Records from a collection –
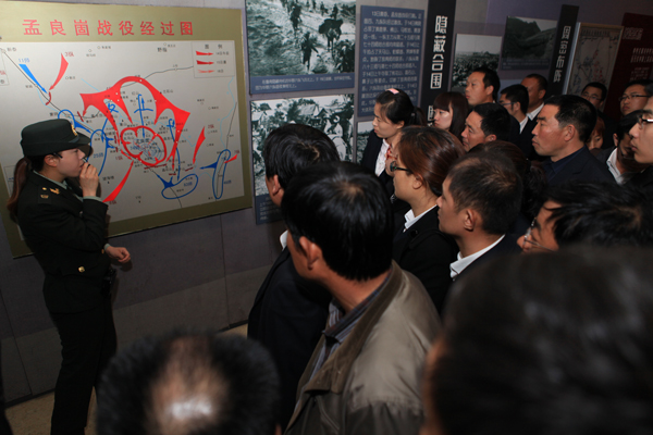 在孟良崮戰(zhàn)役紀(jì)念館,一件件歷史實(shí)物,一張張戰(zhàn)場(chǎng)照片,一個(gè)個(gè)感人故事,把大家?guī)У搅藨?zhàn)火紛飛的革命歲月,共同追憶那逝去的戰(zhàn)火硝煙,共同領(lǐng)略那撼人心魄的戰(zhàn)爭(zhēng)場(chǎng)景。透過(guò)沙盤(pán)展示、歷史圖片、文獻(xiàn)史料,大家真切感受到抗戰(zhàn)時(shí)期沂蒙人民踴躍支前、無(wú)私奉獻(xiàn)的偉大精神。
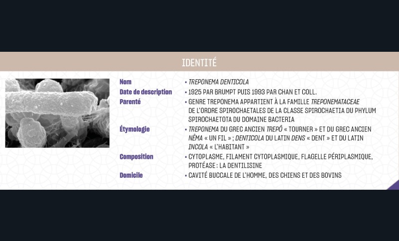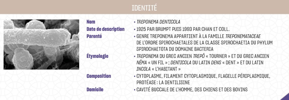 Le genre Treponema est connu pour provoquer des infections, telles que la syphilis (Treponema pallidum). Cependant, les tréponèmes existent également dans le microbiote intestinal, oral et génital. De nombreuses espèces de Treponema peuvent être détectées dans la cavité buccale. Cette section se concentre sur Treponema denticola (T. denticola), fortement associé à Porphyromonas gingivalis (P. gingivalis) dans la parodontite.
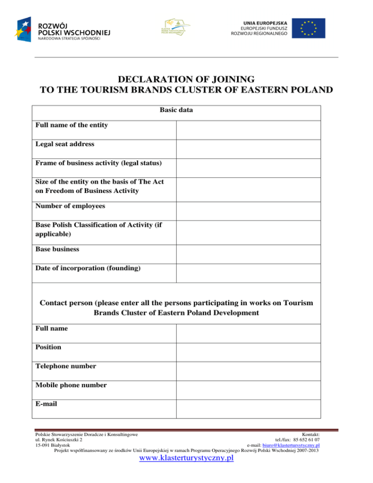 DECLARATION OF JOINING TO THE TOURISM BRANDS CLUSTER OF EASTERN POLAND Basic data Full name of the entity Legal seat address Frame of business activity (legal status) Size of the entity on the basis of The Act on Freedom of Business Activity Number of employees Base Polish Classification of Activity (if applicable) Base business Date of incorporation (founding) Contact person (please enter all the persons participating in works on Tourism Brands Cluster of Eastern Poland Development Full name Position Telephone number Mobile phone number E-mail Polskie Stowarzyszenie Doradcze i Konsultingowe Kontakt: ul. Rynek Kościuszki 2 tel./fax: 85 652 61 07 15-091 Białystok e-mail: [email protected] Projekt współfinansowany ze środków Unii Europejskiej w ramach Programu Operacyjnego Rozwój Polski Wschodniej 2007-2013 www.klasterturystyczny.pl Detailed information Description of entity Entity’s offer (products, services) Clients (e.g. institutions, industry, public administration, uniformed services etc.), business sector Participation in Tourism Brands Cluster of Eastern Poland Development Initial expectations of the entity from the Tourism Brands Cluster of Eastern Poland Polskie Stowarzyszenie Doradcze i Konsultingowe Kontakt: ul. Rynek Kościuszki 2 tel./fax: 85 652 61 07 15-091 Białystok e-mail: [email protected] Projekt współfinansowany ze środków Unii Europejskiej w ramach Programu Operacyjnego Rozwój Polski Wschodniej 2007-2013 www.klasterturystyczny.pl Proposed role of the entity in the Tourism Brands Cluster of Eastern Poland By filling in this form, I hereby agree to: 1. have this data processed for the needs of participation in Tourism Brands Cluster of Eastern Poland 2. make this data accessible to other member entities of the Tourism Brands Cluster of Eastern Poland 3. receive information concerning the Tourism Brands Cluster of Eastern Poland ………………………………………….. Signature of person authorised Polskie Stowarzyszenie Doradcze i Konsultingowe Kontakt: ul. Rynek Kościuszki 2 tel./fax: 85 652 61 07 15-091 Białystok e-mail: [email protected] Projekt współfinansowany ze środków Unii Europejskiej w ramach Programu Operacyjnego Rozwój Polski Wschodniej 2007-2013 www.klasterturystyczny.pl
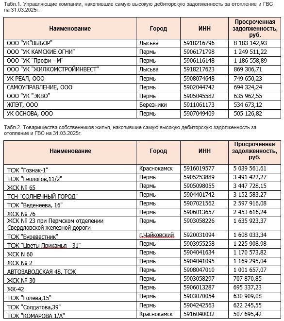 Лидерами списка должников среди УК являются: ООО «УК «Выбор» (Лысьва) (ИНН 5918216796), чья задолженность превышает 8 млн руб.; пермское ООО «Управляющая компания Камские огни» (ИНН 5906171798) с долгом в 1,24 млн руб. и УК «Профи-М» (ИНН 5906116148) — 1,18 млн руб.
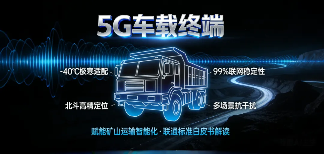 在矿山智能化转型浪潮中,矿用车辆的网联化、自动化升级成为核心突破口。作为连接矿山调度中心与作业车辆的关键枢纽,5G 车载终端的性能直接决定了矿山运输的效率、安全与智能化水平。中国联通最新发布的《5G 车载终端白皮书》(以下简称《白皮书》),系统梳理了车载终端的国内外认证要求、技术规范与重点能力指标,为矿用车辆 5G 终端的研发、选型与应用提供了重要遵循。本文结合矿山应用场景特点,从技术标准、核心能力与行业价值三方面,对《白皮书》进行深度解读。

Instructions to follow –
For the entries above, return an exact copy that omits the images.

Task output –
 在孟良崮戰(zhàn)役紀(jì)念館,一件件歷史實(shí)物,一張張戰(zhàn)場(chǎng)照片,一個(gè)個(gè)感人故事,把大家?guī)У搅藨?zhàn)火紛飛的革命歲月,共同追憶那逝去的戰(zhàn)火硝煙,共同領(lǐng)略那撼人心魄的戰(zhàn)爭(zhēng)場(chǎng)景。透過(guò)沙盤(pán)展示、歷史圖片、文獻(xiàn)史料,大家真切感受到抗戰(zhàn)時(shí)期沂蒙人民踴躍支前、無(wú)私奉獻(xiàn)的偉大精神。
 Le genre Treponema est connu pour provoquer des infections, telles que la syphilis (Treponema pallidum). Cependant, les tréponèmes existent également dans le microbiote intestinal, oral et génital. De nombreuses espèces de Treponema peuvent être détectées dans la cavité buccale. Cette section se concentre sur Treponema denticola (T. denticola), fortement associé à Porphyromonas gingivalis (P. gingivalis) dans la parodontite.
 DECLARATION OF JOINING TO THE TOURISM BRANDS CLUSTER OF EASTERN POLAND Basic data Full name of the entity Legal seat address Frame of business activity (legal status) Size of the entity on the basis of The Act on Freedom of Business Activity Number of employees Base Polish Classification of Activity (if applicable) Base business Date of incorporation (founding) Contact person (please enter all the persons participating in works on Tourism Brands Cluster of Eastern Poland Development Full name Position Telephone number Mobile phone number E-mail Polskie Stowarzyszenie Doradcze i Konsultingowe Kontakt: ul. Rynek Kościuszki 2 tel./fax: 85 652 61 07 15-091 Białystok e-mail: [email protected] Projekt współfinansowany ze środków Unii Europejskiej w ramach Programu Operacyjnego Rozwój Polski Wschodniej 2007-2013 www.klasterturystyczny.pl Detailed information Description of entity Entity’s offer (products, services) Clients (e.g. institutions, industry, public administration, uniformed services etc.), business sector Participation in Tourism Brands Cluster of Eastern Poland Development Initial expectations of the entity from the Tourism Brands Cluster of Eastern Poland Polskie Stowarzyszenie Doradcze i Konsultingowe Kontakt: ul. Rynek Kościuszki 2 tel./fax: 85 652 61 07 15-091 Białystok e-mail: [email protected] Projekt współfinansowany ze środków Unii Europejskiej w ramach Programu Operacyjnego Rozwój Polski Wschodniej 2007-2013 www.klasterturystyczny.pl Proposed role of the entity in the Tourism Brands Cluster of Eastern Poland By filling in this form, I hereby agree to: 1. have this data processed for the needs of participation in Tourism Brands Cluster of Eastern Poland 2. make this data accessible to other member entities of the Tourism Brands Cluster of Eastern Poland 3. receive information concerning the Tourism Brands Cluster of Eastern Poland ………………………………………….. Signature of person authorised Polskie Stowarzyszenie Doradcze i Konsultingowe Kontakt: ul. Rynek Kościuszki 2 tel./fax: 85 652 61 07 15-091 Białystok e-mail: [email protected] Projekt współfinansowany ze środków Unii Europejskiej w ramach Programu Operacyjnego Rozwój Polski Wschodniej 2007-2013 www.klasterturystyczny.pl
 Лидерами списка должников среди УК являются: ООО «УК «Выбор» (Лысьва) (ИНН 5918216796), чья задолженность превышает 8 млн руб.; пермское ООО «Управляющая компания Камские огни» (ИНН 5906171798) с долгом в 1,24 млн руб. и УК «Профи-М» (ИНН 5906116148) — 1,18 млн руб.
 在矿山智能化转型浪潮中,矿用车辆的网联化、自动化升级成为核心突破口。作为连接矿山调度中心与作业车辆的关键枢纽,5G 车载终端的性能直接决定了矿山运输的效率、安全与智能化水平。中国联通最新发布的《5G 车载终端白皮书》(以下简称《白皮书》),系统梳理了车载终端的国内外认证要求、技术规范与重点能力指标,为矿用车辆 5G 终端的研发、选型与应用提供了重要遵循。本文结合矿山应用场景特点,从技术标准、核心能力与行业价值三方面,对《白皮书》进行深度解读。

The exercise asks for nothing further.